Provided data:

..............................

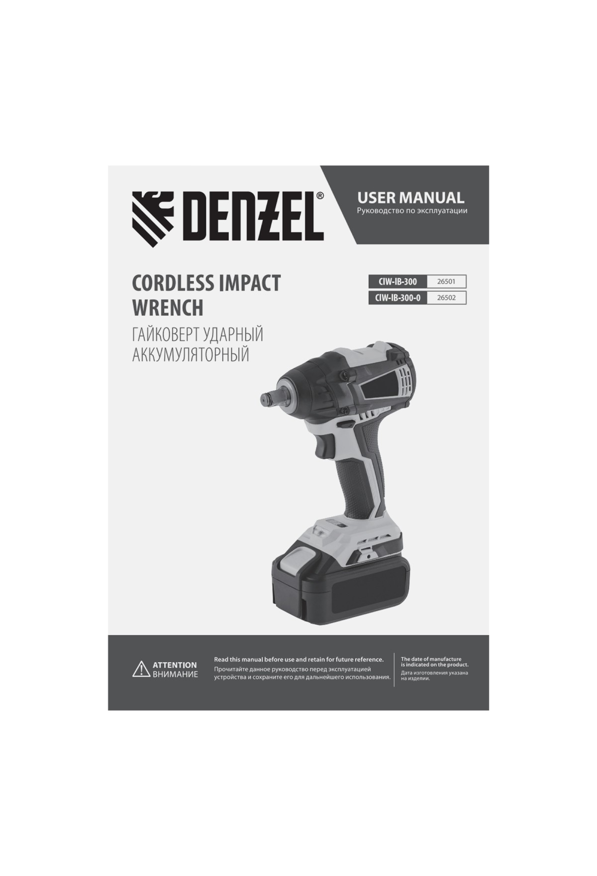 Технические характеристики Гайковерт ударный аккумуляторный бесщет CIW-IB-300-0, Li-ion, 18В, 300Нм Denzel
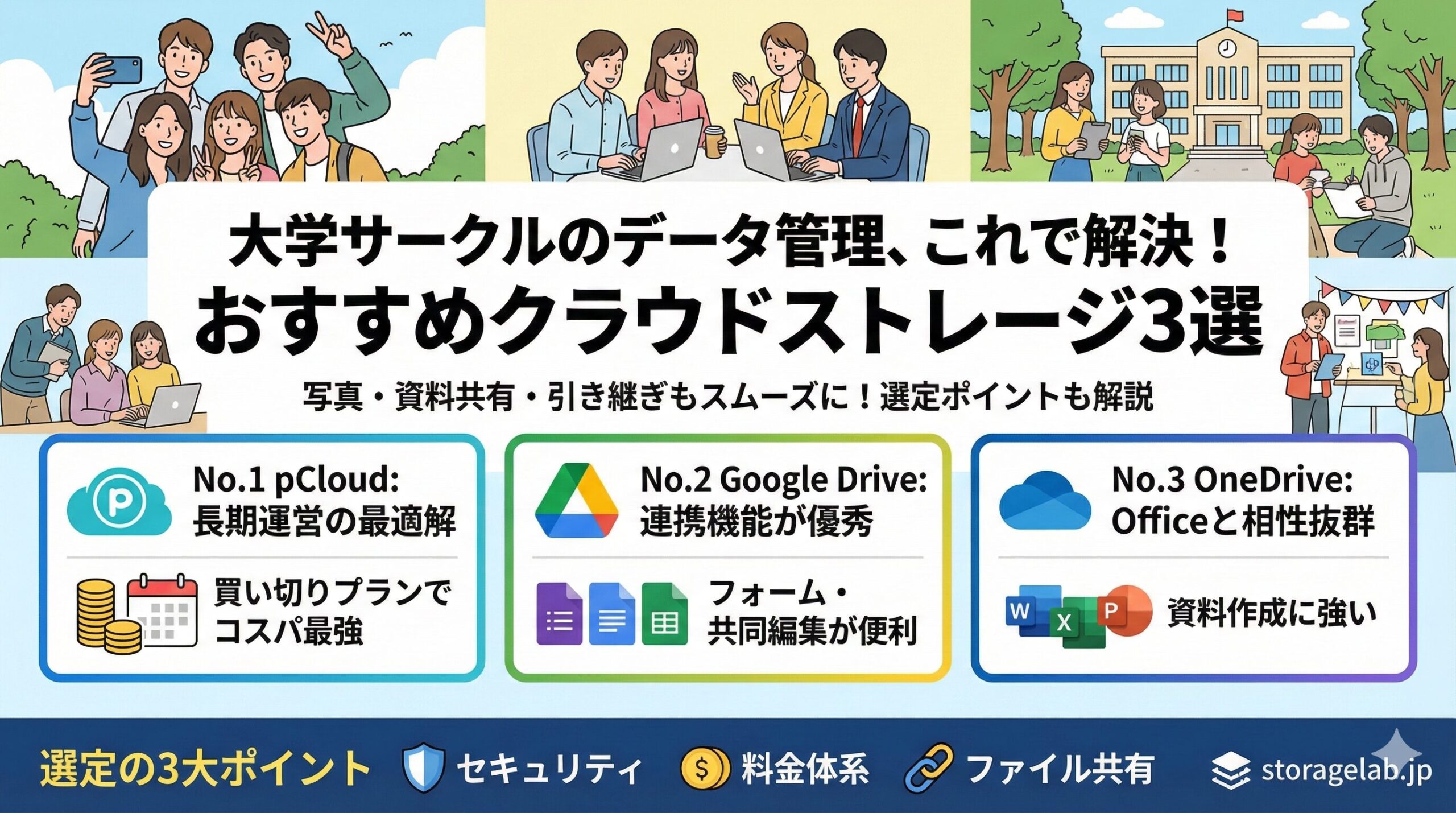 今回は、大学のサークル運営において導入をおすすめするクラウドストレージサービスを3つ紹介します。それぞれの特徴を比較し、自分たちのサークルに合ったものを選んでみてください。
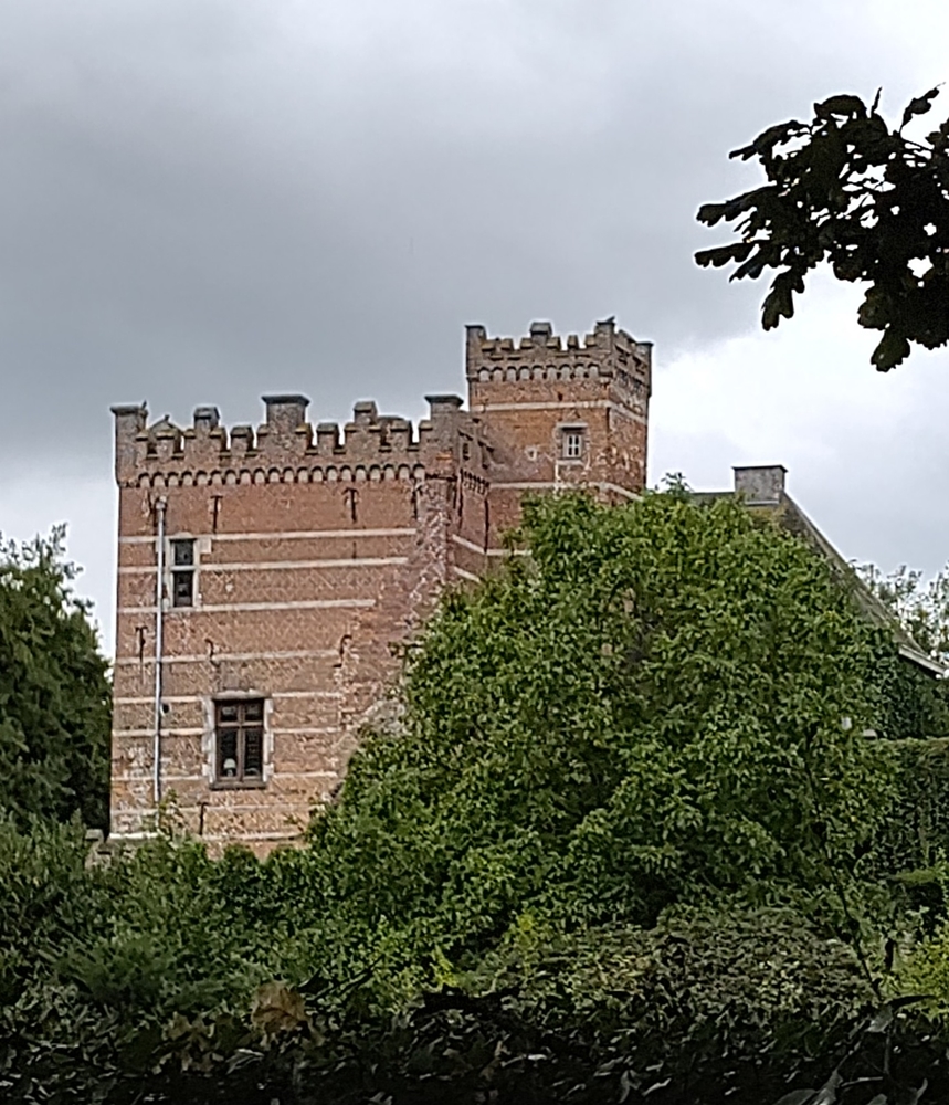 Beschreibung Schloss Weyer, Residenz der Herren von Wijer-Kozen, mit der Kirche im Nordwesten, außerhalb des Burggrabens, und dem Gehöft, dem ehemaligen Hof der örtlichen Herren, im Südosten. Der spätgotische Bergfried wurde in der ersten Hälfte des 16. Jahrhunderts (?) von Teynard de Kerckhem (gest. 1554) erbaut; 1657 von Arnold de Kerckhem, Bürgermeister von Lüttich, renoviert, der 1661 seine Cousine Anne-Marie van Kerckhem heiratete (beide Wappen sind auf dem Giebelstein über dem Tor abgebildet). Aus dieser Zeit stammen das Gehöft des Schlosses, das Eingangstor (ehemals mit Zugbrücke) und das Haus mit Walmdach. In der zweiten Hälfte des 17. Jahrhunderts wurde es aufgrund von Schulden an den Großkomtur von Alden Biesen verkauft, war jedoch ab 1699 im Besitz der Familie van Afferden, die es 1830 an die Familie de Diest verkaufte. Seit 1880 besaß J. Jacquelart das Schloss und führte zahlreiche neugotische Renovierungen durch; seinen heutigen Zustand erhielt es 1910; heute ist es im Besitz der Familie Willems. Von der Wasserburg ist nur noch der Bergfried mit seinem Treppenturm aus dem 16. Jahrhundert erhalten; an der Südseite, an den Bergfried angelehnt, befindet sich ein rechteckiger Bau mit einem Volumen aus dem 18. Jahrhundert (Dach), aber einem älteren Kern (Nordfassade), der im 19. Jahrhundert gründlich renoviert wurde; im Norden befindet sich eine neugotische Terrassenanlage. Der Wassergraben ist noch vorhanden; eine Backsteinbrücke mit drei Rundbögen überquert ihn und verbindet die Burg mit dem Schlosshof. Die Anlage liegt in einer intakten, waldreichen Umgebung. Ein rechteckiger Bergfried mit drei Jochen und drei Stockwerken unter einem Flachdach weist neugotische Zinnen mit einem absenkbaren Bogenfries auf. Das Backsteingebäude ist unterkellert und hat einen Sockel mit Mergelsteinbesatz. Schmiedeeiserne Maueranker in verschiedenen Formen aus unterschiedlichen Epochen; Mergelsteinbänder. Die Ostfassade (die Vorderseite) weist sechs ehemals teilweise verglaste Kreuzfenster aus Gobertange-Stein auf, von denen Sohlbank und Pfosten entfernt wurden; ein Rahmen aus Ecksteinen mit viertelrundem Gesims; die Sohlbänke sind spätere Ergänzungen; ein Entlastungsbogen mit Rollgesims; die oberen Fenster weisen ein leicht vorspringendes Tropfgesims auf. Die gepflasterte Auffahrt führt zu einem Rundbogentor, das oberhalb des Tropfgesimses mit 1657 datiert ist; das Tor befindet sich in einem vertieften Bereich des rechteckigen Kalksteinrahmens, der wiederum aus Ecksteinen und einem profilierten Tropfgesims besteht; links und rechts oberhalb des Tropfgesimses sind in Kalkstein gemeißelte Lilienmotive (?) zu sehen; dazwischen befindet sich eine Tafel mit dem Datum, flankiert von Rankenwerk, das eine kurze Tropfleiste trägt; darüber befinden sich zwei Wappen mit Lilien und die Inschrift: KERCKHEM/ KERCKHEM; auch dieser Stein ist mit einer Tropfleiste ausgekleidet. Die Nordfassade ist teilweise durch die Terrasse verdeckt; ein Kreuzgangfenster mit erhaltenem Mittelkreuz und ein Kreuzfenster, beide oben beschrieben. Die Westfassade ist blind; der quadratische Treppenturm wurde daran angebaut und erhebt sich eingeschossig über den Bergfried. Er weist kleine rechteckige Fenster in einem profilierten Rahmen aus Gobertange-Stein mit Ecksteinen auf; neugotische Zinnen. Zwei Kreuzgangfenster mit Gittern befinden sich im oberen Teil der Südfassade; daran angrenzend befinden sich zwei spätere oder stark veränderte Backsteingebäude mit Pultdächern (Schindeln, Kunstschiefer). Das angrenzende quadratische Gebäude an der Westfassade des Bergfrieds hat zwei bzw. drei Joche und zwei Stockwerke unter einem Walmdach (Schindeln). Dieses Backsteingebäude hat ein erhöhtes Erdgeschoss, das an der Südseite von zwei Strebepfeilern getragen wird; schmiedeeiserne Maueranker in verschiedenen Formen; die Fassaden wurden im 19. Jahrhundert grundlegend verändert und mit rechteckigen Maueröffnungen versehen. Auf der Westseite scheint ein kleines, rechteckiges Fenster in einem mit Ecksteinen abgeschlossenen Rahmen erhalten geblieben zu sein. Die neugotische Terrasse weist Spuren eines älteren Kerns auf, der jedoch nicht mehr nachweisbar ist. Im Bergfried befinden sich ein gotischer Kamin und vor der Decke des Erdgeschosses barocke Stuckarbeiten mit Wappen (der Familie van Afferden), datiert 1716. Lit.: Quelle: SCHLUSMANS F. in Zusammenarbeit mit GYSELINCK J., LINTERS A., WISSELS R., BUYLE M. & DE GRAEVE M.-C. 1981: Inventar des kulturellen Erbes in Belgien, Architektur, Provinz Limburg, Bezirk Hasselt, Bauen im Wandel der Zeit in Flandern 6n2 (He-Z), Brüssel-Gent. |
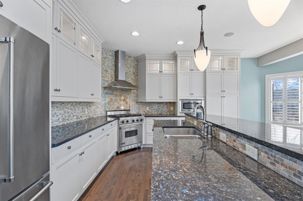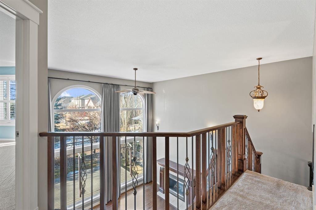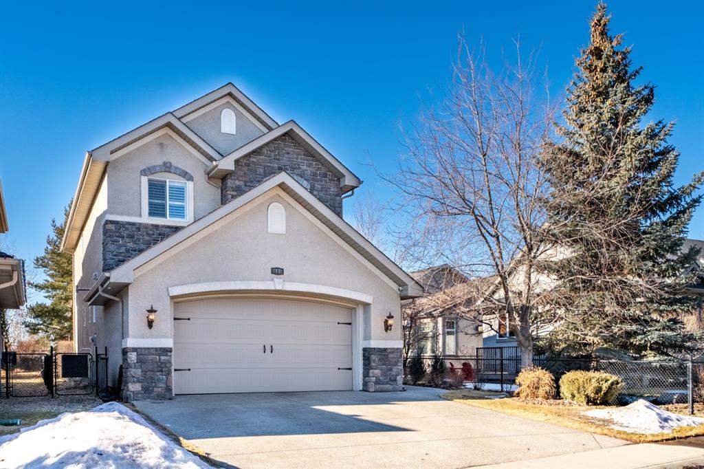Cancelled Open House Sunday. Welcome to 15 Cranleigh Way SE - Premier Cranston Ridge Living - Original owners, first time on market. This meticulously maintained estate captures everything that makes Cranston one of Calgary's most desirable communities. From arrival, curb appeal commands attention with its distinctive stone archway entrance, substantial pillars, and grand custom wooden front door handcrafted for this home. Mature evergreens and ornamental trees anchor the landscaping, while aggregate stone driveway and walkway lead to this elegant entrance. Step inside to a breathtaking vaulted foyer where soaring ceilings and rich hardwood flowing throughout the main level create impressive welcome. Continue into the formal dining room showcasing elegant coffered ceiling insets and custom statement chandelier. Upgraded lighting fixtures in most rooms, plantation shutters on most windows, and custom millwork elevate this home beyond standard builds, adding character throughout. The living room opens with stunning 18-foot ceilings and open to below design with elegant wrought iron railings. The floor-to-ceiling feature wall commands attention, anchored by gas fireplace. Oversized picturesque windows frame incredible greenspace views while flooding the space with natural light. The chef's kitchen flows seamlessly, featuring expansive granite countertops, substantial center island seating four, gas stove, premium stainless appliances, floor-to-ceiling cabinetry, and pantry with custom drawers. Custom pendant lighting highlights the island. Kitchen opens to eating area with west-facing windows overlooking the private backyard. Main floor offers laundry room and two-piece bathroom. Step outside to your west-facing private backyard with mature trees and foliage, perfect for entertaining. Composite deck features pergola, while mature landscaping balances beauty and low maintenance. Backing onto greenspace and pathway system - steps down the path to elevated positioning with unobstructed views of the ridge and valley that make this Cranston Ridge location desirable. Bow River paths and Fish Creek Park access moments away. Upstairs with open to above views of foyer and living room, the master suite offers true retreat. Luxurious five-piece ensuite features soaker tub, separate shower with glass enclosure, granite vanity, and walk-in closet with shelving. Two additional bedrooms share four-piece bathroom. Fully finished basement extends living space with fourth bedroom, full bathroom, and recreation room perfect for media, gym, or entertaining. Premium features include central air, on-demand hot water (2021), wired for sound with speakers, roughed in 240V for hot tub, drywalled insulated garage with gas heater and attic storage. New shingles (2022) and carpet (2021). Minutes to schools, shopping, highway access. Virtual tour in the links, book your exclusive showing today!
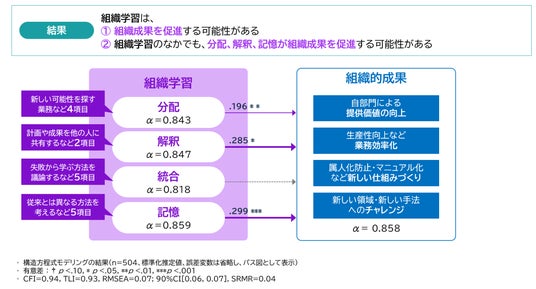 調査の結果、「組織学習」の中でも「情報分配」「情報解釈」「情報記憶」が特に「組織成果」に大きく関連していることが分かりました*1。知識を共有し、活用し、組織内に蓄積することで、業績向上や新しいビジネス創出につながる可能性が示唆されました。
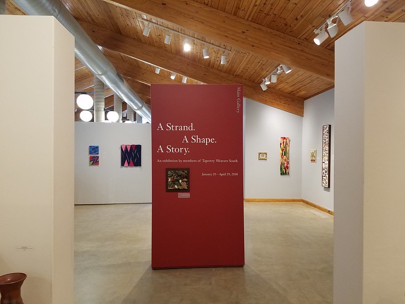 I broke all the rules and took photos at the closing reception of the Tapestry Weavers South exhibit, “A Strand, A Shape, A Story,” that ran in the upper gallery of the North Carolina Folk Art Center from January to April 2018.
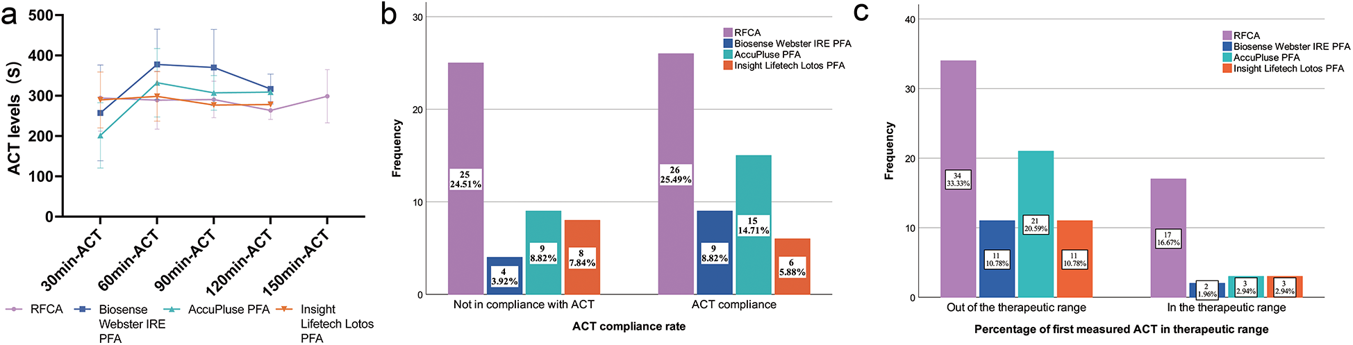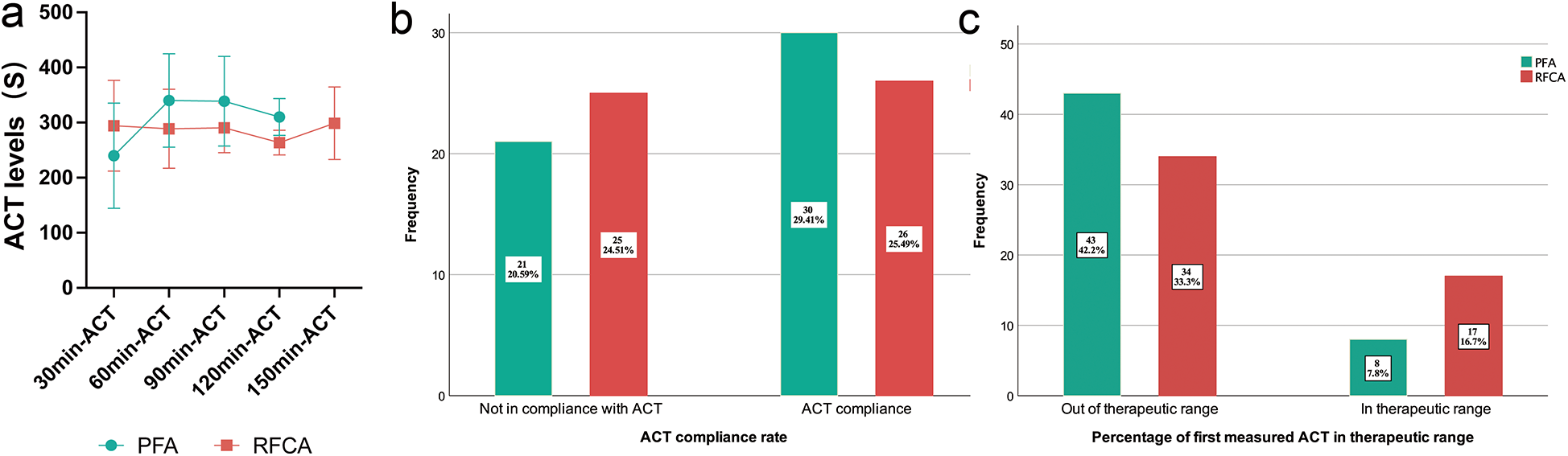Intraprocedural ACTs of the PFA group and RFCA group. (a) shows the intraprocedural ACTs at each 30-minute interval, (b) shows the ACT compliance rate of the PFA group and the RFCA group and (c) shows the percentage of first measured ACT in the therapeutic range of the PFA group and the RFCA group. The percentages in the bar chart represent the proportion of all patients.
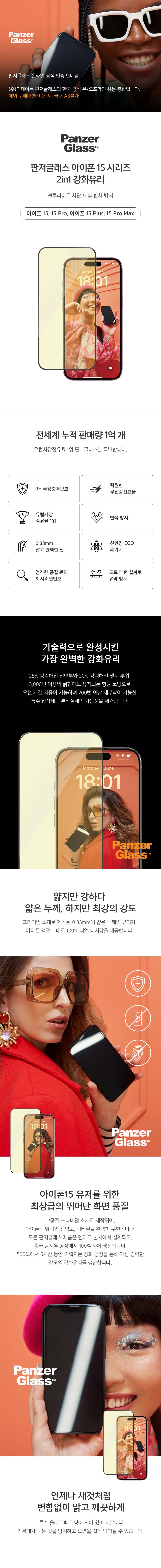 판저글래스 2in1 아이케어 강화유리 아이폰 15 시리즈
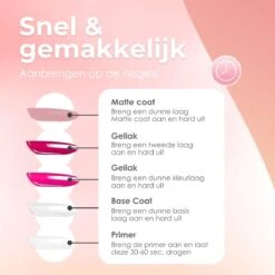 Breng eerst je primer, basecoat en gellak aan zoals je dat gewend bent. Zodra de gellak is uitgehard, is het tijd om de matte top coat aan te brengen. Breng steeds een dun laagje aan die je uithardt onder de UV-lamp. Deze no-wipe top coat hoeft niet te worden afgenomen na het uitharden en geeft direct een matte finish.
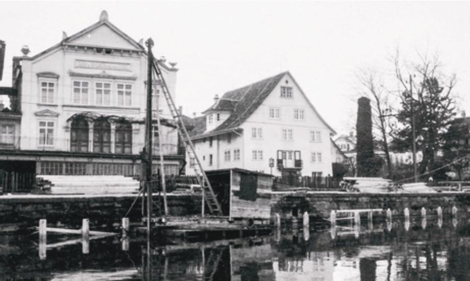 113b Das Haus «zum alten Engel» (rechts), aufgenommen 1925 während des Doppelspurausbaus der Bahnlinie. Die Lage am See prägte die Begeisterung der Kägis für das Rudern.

..............................

Your task: Copy exactly, please, the lines that run from the line holding "Breng eerst je" through the closing line of the material above, omitting every picture.

Output of the exercise:
 Breng eerst je primer, basecoat en gellak aan zoals je dat gewend bent. Zodra de gellak is uitgehard, is het tijd om de matte top coat aan te brengen. Breng steeds een dun laagje aan die je uithardt onder de UV-lamp. Deze no-wipe top coat hoeft niet te worden afgenomen na het uitharden en geeft direct een matte finish.
 113b Das Haus «zum alten Engel» (rechts), aufgenommen 1925 während des Doppelspurausbaus der Bahnlinie. Die Lage am See prägte die Begeisterung der Kägis für das Rudern.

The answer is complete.